Immigration Reveals the Many Faces of Jesus

In my office hangs a postcard depicting Jesus in the garden of Gethsemane, but instead of Jesus looking longingly up at the sky as he kneels before a rock in the garden, Jesus is taking aim with an AK-47 at some enemy off in the distance. The postcard, at once, makes me laugh and gives me a chill. I laugh because I can’t imagine someone thinking this way about Jesus—as a macho, gunslinging, NRA member who will mow down infidels without a second thought—and a chill because I know of far too many people who do see Jesus that way.

These differing images of Jesus have come into sharp contrast for me recently as I read about Arizona’s new immigration law, and the question of how to treat immigrants who come to America.

That gun-toting Jesus comes into play for Bryan Fischer from the American Family Association, who swears that Jesus, if he were in charge, would sign the Arizona immigration measure into law “in a heartbeat.”

Why, I asked rhetorically? “Because of his compassion.”

This compassion is for the citizens of Arizona who are subject to home invasions, out-of-control drug trafficking, human smuggling, the constant threat of kidnappings, and a $2.7 billion price tag for all the social problems caused by illegal aliens. The costs of education, welfare, medical care and law enforcement may wind up bankrupting the state. The compassion of Jesus goes out to Arizonans who live with constant social disruption and suffer a steady drain on resources which should be available to take care of their families. And all because politicians have failed to use the authority God has delegated to them to “carr(y) out God’s wrath on the wrongdoer.” (Romans 13:4)
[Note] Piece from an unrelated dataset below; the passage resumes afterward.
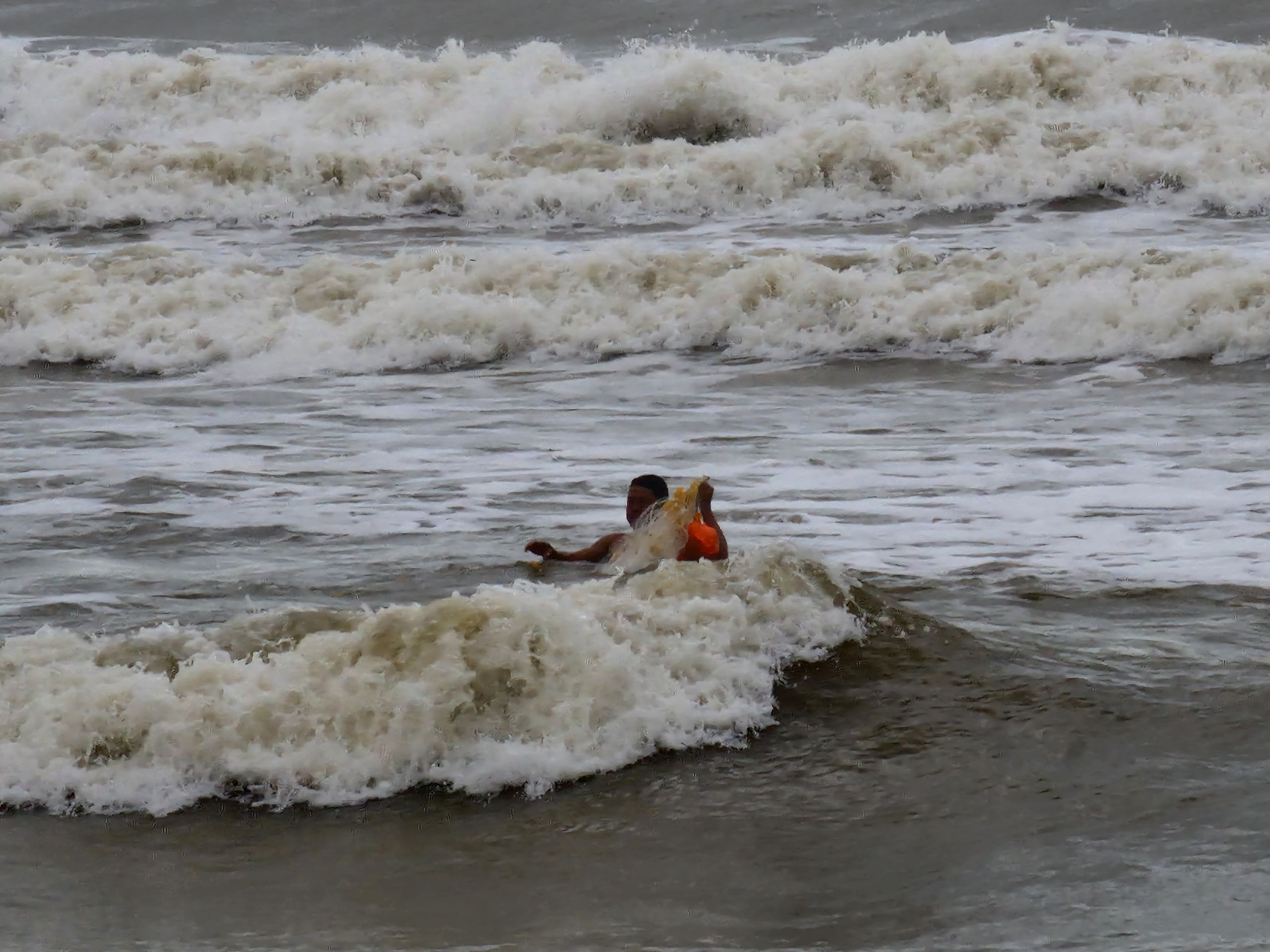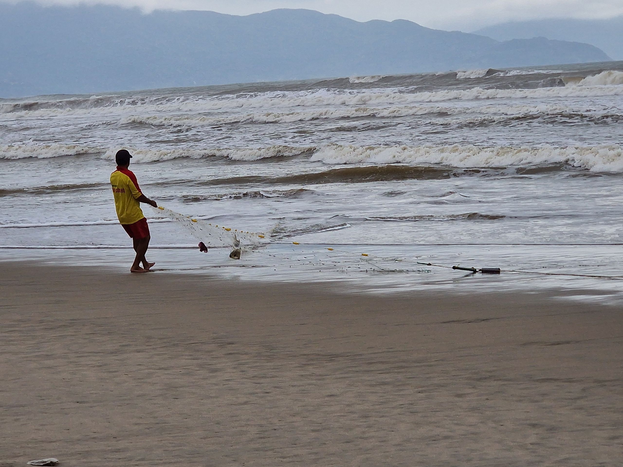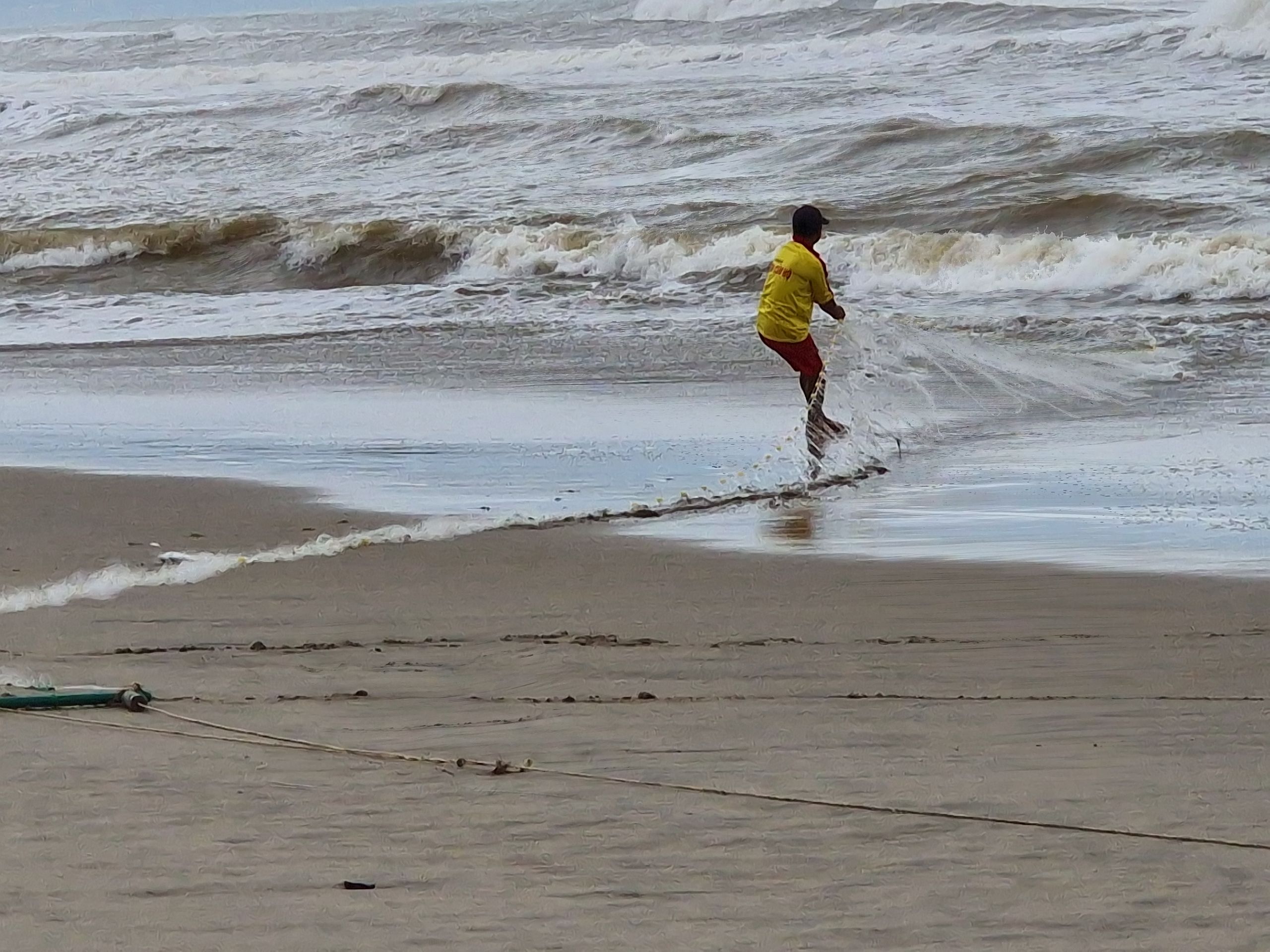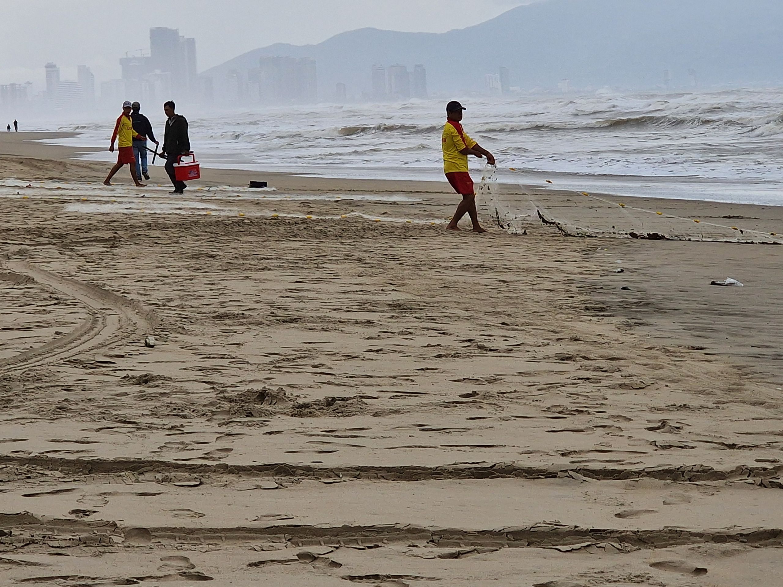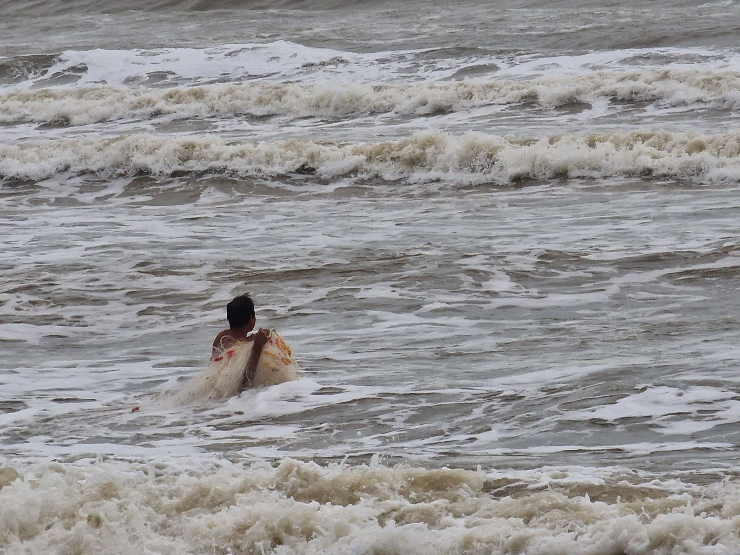 Ähnliches zwischen Hoi An und Da Nang, am Meer. Die Life Guard Security am Strand half die Fischernetze einzuholen, was bei den großen Wellen nicht einfach erschien. Ein Fischer hilft dem anderen und taucht in die Wellen, um das Netz auszubreiten. Ich weiß nicht, ob sie das immer so machen oder bei milderem Seegang eigentlich mit dem Boot rausfahren. Es hat mich einfach beeindruckt, mit welchem Aufwand und welcher Unermüdlichkeit nicht aufgegeben wird. Der Ertrag des einen Netzes betrug 4 Fische.

The compassion of Fischer’s Jesus, however, doesn’t seem to extend to undocumented immigrants, only to those who are affected by “all the social problems” they cause. There’s no compassion in Fischer’s piece for those, who because of other social problems like abject poverty, are forced to leave their homes to seek work in the States—work that Americans aren’t willing to do in their own country.  Fischer is also quick to conflate illegal immigrants with drug dealers and those who are carrying on turf wars around the border. Someone coming into this country illegally to pick lettuce so they can send money back home has no interest in invading homes, kidnapping people, or trafficking in drugs. They simply seek to support their families. Fischer uses the border drug war to continue to inflate fears about our brown-skinned brothers and sisters.

Another view of Jesus emerges from Deborah Haffner, executive director of the Religious Institute. In an op-ed at the Washington Post, Haffner outlines why welcoming the illegal immigrant is imperative to understanding Jesus and his message.

The Bible actually includes almost 120 passages about welcoming, taking care of, and loving the stranger. Early on in the story of God’s covenant with Abraham, three strangers come to Abraham and Sarah’s home and they are welcomed in with a lavish meal. The strangers turn out to be angels from God who bless them with news that they are to have a son at their advanced age. When Jesus is asked in Matthew 25 who will get into heaven, Jesus offers these criteria, “I was hungry and you gave me food, I was thirsty and you gave me drink, I was a stranger and you took me in.”

That’s a far cry from the “compassion” of a Jesus who would turn away the stranger because the stranger might be dangerous.  As Haffner admits, welcoming people is difficult because “it means resisting the fear of difference and moving to a place of radical welcome and inclusion. And that means embracing people who are different than us without trying to change them. We can celebrate our diversity and our difference.”

It also means that we have to stop dividing the world into “us” and “them.” Author Brian McLaren has, in the past, outlined the many ways we divide our world into “us” and “them,” but ultimately, he says the only way to tell the story of our world is “it’s some of us for all of us.” This is the not just the story we must tell about our own world, but it’s the only way to understand Jesus. He embodied a message of “it’s some of us for all of us” and calls us to practice that by loving our neighbor as ourselves—and yes, those illegal immigrants are our neighbors— seeking what we all seek: security, a livelihood, a chance to survive and thrive in this world.

Jesus’ compassion extends to us all—even those drug dealers who are raiding homes, and kidnapping and killing people. They, too, are our neighbors—seeking what we all seek, even if it is in a violent and unfortunate way. Instead of seeing them as “wrongdoers” in need of “God’s wrath” it would be more helpful if we understand that they are victims of circumstance just like those peaceful immigrants seeking work.  If we truly understand Jesus as someone who believes “it’s some of us for all of us” then instead of passing draconian laws against the “other” we’ll seek to disarm our vision of Jesus and find remedies to the social ills that force people to cross the border whether seeking work or to do violence.